- _Exercise requirements_
Could you transcribe every entry below exactly, leaving out the pictures?

(Records supplied Opens)

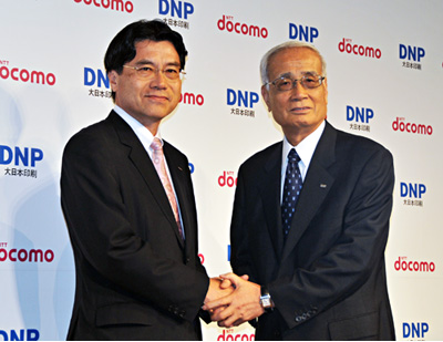 NTTドコモ(山田隆持社長)と大日本印刷(DNP、北島義俊社長)は、8月4日、携帯端末向けの電子出版ビジネスでの業務提携を発表した。コンテンツ収集から配信、電子書店の運営までを一貫して手がける電子出版サービスを、今秋から提供する。凸版印刷、ソニー、朝日新聞社と組むKDDIや、iPadを販売し、グループ会社でコンテンツ配信サービス「ビューン」を提供するソフトバンクモバイルに続き、大手通信会社の参入となる。
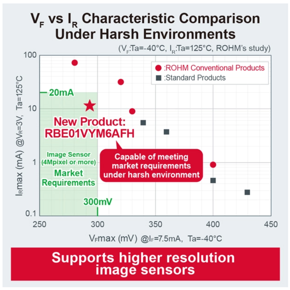 ROHM has developed an innovative Schottky barrier diode that overcomes the traditional VF / IR trade-off. This way, it delivers high reliability protection for a wide range of high-resolution image sensor applications, including ADAS cameras.
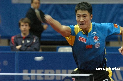 二月二十六日,第四十九屆世界乒乓球錦標賽男子團體賽在廣州進行第三輪角逐,中國隊的王勵勤、馬琳、王皓組成豪華陣容,以三比零完勝對手克羅地亞隊,取得小組賽三連勝。中新社發 柯小軍 攝
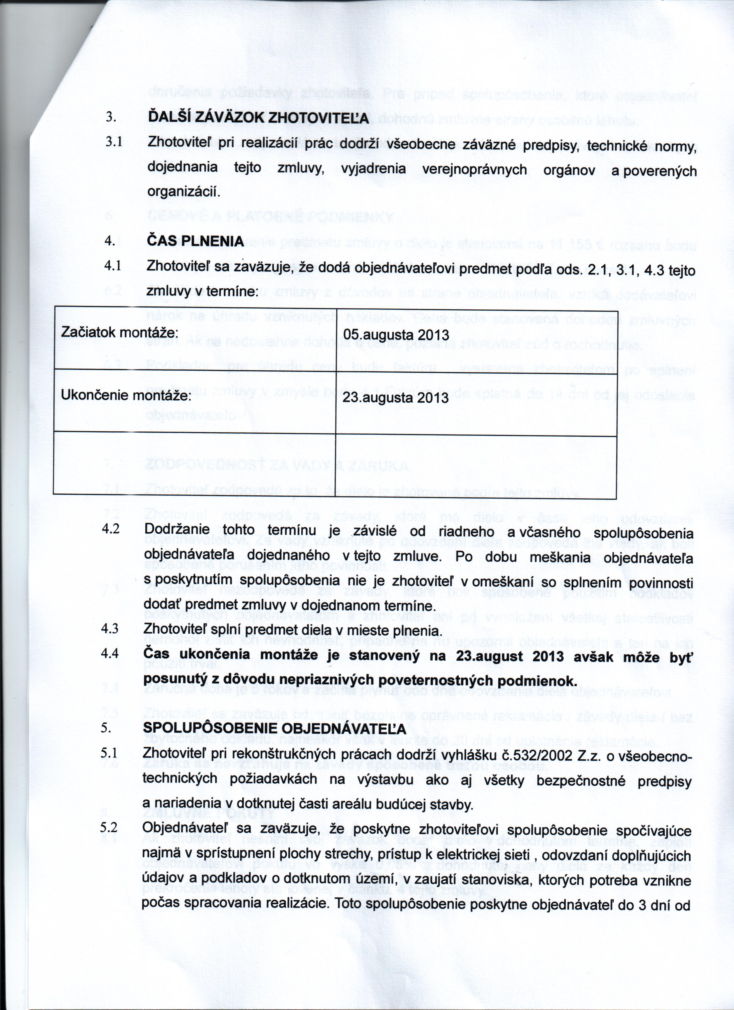 | Dátum účinnosti zmluvy: | 31.7.2013 |
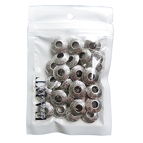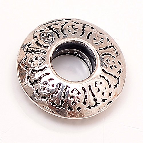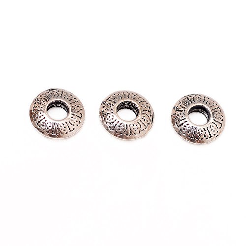 RUBYCA 50pcs Tibetan Silver Tone Spacer Beads Fit European Charms Bracelet Flat Ring
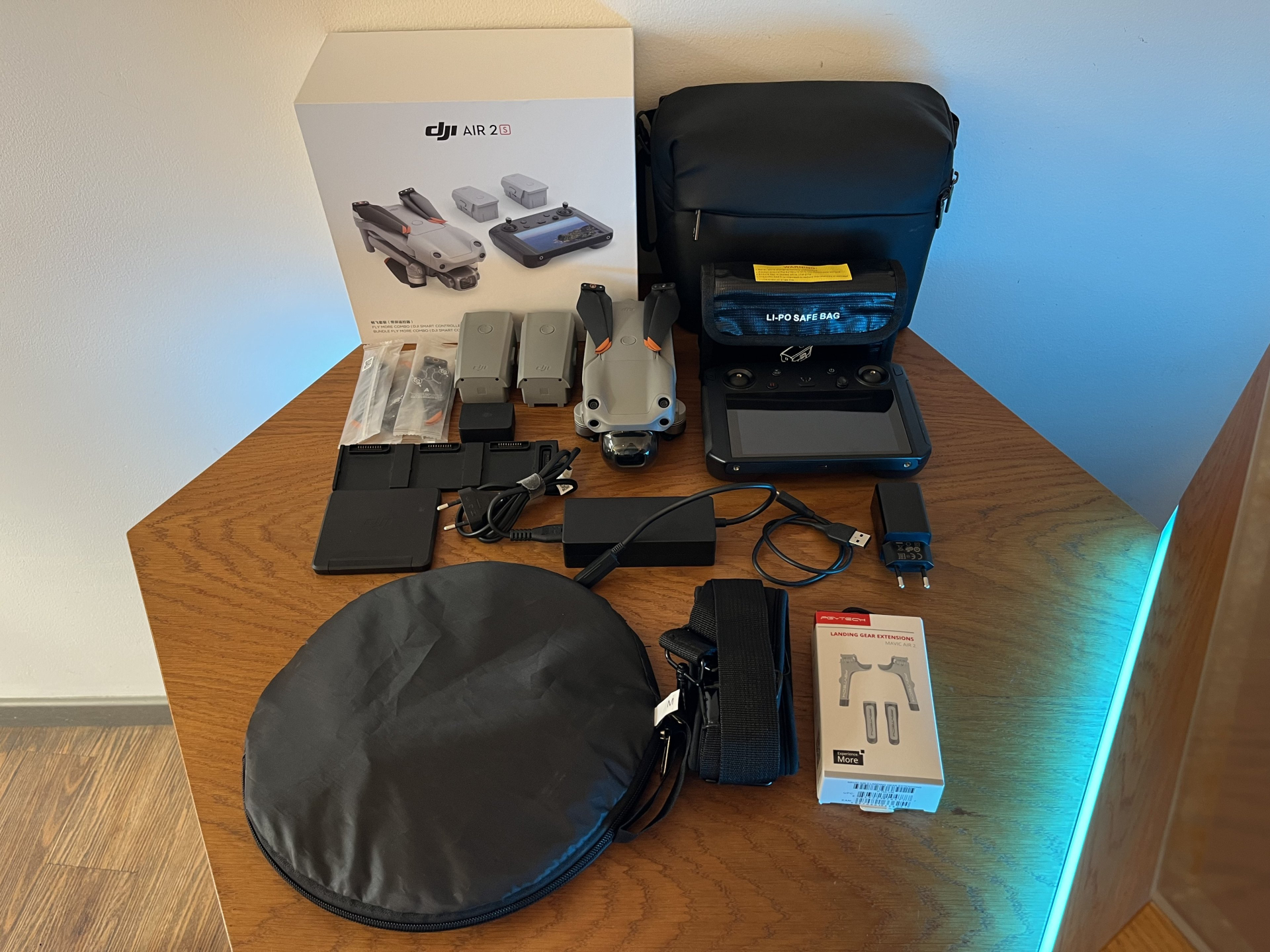 Balíček obsahuje kompletní příslušenství, co Fly More Combo nabízí.
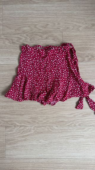 Preciosa falda roja con estampado de flores blancas. Es una falda corta, ideal para el verano. - Diseño de vuelo. - Cierre con lazo a la cintura. - Tejido ligero y fresco.

(Records supplied Closes)

- _Exercise answer_
 NTTドコモ(山田隆持社長)と大日本印刷(DNP、北島義俊社長)は、8月4日、携帯端末向けの電子出版ビジネスでの業務提携を発表した。コンテンツ収集から配信、電子書店の運営までを一貫して手がける電子出版サービスを、今秋から提供する。凸版印刷、ソニー、朝日新聞社と組むKDDIや、iPadを販売し、グループ会社でコンテンツ配信サービス「ビューン」を提供するソフトバンクモバイルに続き、大手通信会社の参入となる。
 ROHM has developed an innovative Schottky barrier diode that overcomes the traditional VF / IR trade-off. This way, it delivers high reliability protection for a wide range of high-resolution image sensor applications, including ADAS cameras.
 二月二十六日,第四十九屆世界乒乓球錦標賽男子團體賽在廣州進行第三輪角逐,中國隊的王勵勤、馬琳、王皓組成豪華陣容,以三比零完勝對手克羅地亞隊,取得小組賽三連勝。中新社發 柯小軍 攝
 | Dátum účinnosti zmluvy: | 31.7.2013 |
 RUBYCA 50pcs Tibetan Silver Tone Spacer Beads Fit European Charms Bracelet Flat Ring
 Balíček obsahuje kompletní příslušenství, co Fly More Combo nabízí.
 Preciosa falda roja con estampado de flores blancas. Es una falda corta, ideal para el verano. - Diseño de vuelo. - Cierre con lazo a la cintura. - Tejido ligero y fresco.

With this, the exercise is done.